News & Views of Phillips Since 1976
Thursday December 26th 2024

Tale of the Tales: Q&A with Sue Hunter Weir

Caption: Anna Clark
Credit: Courtesy of Bob Clark

By LAURA HULSCHER and SUE HUNTER WEIR

This is your 200th column. How long have you been writing Tales from Pioneers and Soldiers Cemetery? What inspired you to start?

I wrote my first story about the cemetery in September 2003. At the time I was concerned (irritated) about the Phillips Neighborhood being characterized as “crime-ridden” and wanted to remind people that Phillips is a community with a long and very rich history. Ours is a community shaped by migration, immigration, the need for public housing and for livable-wage jobs.
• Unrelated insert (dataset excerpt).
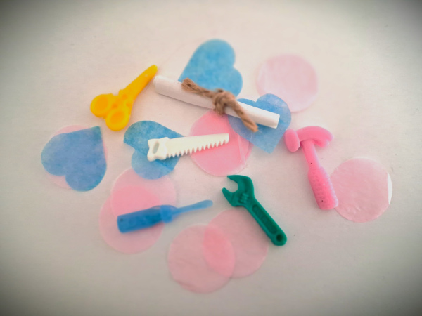-Des confettis roses et bleus – pour le/la mettre sur la bonne voie

Our boundaries were, and are, shaped by transportation routes. Much has changed but much remains the same. We have a great deal to be proud of.

What motivates you to continue the series after so many years?

I remember reading that no one is truly dead who is remembered. I believe that and these stories are my way of remembering people who I never knew but who deserve to be remembered. They are the people who built this City. I have written about 200 people so far and have many thousands left to go. Stay tuned.

If you could meet one cemetery resident you have written about, who would it be?

If I could meet one of the people I’ve written about, it would be Anna Clark. Anna was one of the first people I found and hers is one of the most heartbreaking stories I’ve ever read. She was a poet and she was beautiful. She gave birth to 16 children, only eight of whom survived. When she was 53, and widowed, she committed suicide in the Cemetery because as she put it, the “sorrow and agony in my heart is too great to bear.” There is nothing that I could do to change that but I could at least give her a hug and let her know that she has not been forgotten.